Overview
The jsl5710/Shield-Gemma-3-1B-Full-FT-CE is a 1 billion parameter model derived from google/gemma-3-1b-it, specifically fine-tuned by jsl5710 as part of the Shield project. Its core function is to act as a safety classifier for Large Language Models (LLMs), distinguishing between safe and unsafe prompts.
Key Capabilities
- Dialect-Aware Safety Classification: Trained on the extensive DIA-GUARD dataset, which comprises approximately 836,000 records across 48 English dialects, enabling robust classification of harmful content.
- High Test Accuracy: Achieves a test accuracy of 0.9670 and a Macro F1 score of 0.9669 on the DIA-GUARD holdout test split (181,874 samples).
- Knowledge Distillation Student: Designed to serve as a student model in knowledge distillation experiments (MINILLM / GKD / TED), leveraging its specialized safety classification abilities.

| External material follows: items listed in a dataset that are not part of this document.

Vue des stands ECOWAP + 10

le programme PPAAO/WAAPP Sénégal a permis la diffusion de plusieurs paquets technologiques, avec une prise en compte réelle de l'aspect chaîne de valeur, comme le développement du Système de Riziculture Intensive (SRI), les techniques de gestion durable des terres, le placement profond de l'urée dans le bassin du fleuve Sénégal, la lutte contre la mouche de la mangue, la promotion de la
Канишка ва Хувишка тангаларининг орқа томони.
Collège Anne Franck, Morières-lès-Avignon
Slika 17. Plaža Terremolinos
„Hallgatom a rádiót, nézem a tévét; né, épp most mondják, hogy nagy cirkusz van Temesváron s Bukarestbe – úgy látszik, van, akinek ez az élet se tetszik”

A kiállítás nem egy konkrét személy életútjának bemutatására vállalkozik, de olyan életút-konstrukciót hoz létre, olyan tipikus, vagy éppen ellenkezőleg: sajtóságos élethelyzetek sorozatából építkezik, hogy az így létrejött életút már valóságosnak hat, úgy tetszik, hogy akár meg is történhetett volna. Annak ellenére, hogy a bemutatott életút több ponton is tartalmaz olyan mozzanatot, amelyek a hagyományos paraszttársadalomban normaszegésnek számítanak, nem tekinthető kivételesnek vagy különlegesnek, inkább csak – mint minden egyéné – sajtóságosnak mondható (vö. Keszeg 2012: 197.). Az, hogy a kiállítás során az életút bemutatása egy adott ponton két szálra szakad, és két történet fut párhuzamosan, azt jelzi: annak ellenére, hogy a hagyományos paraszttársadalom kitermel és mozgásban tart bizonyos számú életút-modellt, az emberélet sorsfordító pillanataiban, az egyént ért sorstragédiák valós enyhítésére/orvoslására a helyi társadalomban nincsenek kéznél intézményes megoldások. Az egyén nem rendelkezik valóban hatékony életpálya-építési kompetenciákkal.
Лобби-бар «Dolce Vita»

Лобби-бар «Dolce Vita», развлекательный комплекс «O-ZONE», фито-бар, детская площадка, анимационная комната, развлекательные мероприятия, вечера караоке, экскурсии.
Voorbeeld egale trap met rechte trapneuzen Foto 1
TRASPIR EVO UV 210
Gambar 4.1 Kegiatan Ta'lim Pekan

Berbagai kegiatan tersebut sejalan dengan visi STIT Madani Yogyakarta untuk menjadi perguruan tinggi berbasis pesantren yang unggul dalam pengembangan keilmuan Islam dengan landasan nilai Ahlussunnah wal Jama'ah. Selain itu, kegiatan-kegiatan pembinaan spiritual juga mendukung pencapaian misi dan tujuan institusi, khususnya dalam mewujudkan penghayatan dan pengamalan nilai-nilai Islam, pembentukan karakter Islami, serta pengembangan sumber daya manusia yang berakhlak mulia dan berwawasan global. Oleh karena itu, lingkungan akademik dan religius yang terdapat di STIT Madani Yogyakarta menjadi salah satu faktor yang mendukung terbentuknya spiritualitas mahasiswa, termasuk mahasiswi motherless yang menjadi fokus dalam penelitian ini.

- Research Baseline: Provides a strong baseline for academic and applied research into dialect-aware safety mechanisms for LLMs.
Intended Use Cases
- Safety Filtering: Classifying user input prompts as
safe or unsafe to prevent harmful content generation. - LLM Safety Research: Investigating and developing more effective safety measures, particularly concerning linguistic diversity.
- Knowledge Distillation: Acting as a component in larger knowledge distillation pipelines for training smaller, specialized models.
Limitations
- Inherits limitations and biases from its base model, Gemma-3-1B-IT.
- Performance is primarily validated on English dialects; its efficacy on non-English text is not guaranteed.
- Not recommended as the sole safety mechanism in production environments.